China wird die Verwaltungsvorschriften für sein wegweisendes Umweltgesetz überarbeiten und aufheben.
Der chinesische Ministerpräsident Li Qiang unterzeichnete einen entsprechenden Erlass des chinesischen Staatsrates, mit dem der Beschluss zur Überarbeitung und Aufhebung bestimmter Verwaltungsvorschriften bekannt gegeben wurde, da das wegweisende Umweltgesetz Chinas am Samstag in Kraft treten soll.
Der chinesische Staatsrat wird zwölf Verordnungen überarbeiten, darunter jene zur nationalen Erfassung von Verschmutzungsquellen und zur Umweltüberwachung, um sicherzustellen, dass sie mit den Bestimmungen des neuen Ökologie- und Umweltgesetzbuches Chinas in Einklang stehen.
Drei weitere Verwaltungsvorschriften sollen aufgehoben werden, um den neuen Anforderungen zur Förderung einer hochwertigen Entwicklung und ökologischer Fortschritte gerecht zu werden.

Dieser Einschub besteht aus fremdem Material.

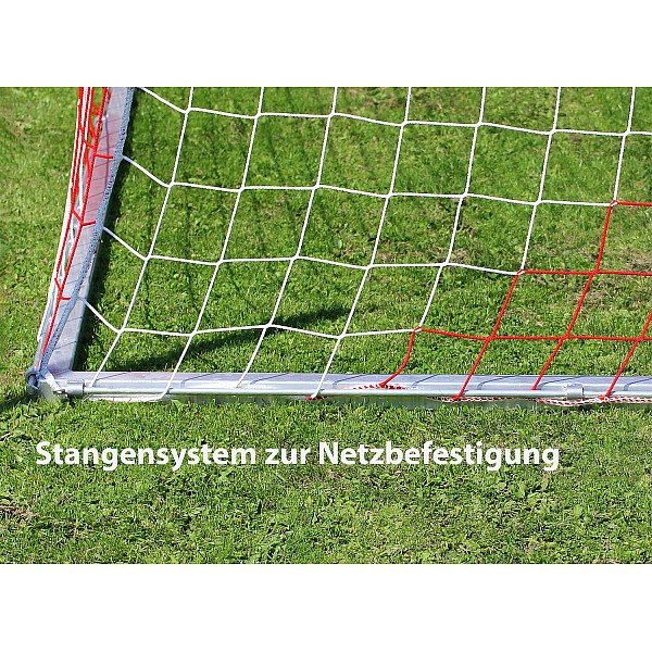 Aluminum soccer goal 7,32 x 2,44 m, fully welded and silver anodized, with free net suspension. According to FIFA-DFB-regulations and DIN-EN 748. Made of especially profiled aluminum profile 100 x 120 mm, with multiple internal stiffening and double groove, in which the net holders are concealed and injury-neutral. The free net suspension, for different net depths, consists of 2 stable tensioning posts in ground sockets, covers and tensioning ropes. The delivery takes place without net and without ground frame, including ground sockets, covers and net holders.

Mit diesem Schritt soll ein kohärenter Rechtsrahmen mit einheitlichen und gut aufeinander abgestimmten Vorschriften für den Öko- und Umweltschutz gewährleistet werden.
Der Beschluss wird am Samstag in Kraft treten.
Das Ökologie- und Umweltgesetzbuch Chinas wurde im März vom obersten Gesetzgebungsorgan der Volksrepublik verabschiedet und umfasst 1.242 Artikel und fünf Kapitel, die Bereiche wie die Bekämpfung von Umweltverschmutzung, ökologischen Schutz sowie eine grüne und kohlenstoffarme Entwicklung abdecken.
Das Gesetzbuch steht im Einklang mit Chinas Zusagen, die Kohlenstoffdioxid-Emissionen vor 2030 auf ihren Höchststand zu bringen und bis 2060 Klimaneutralität zu erreichen.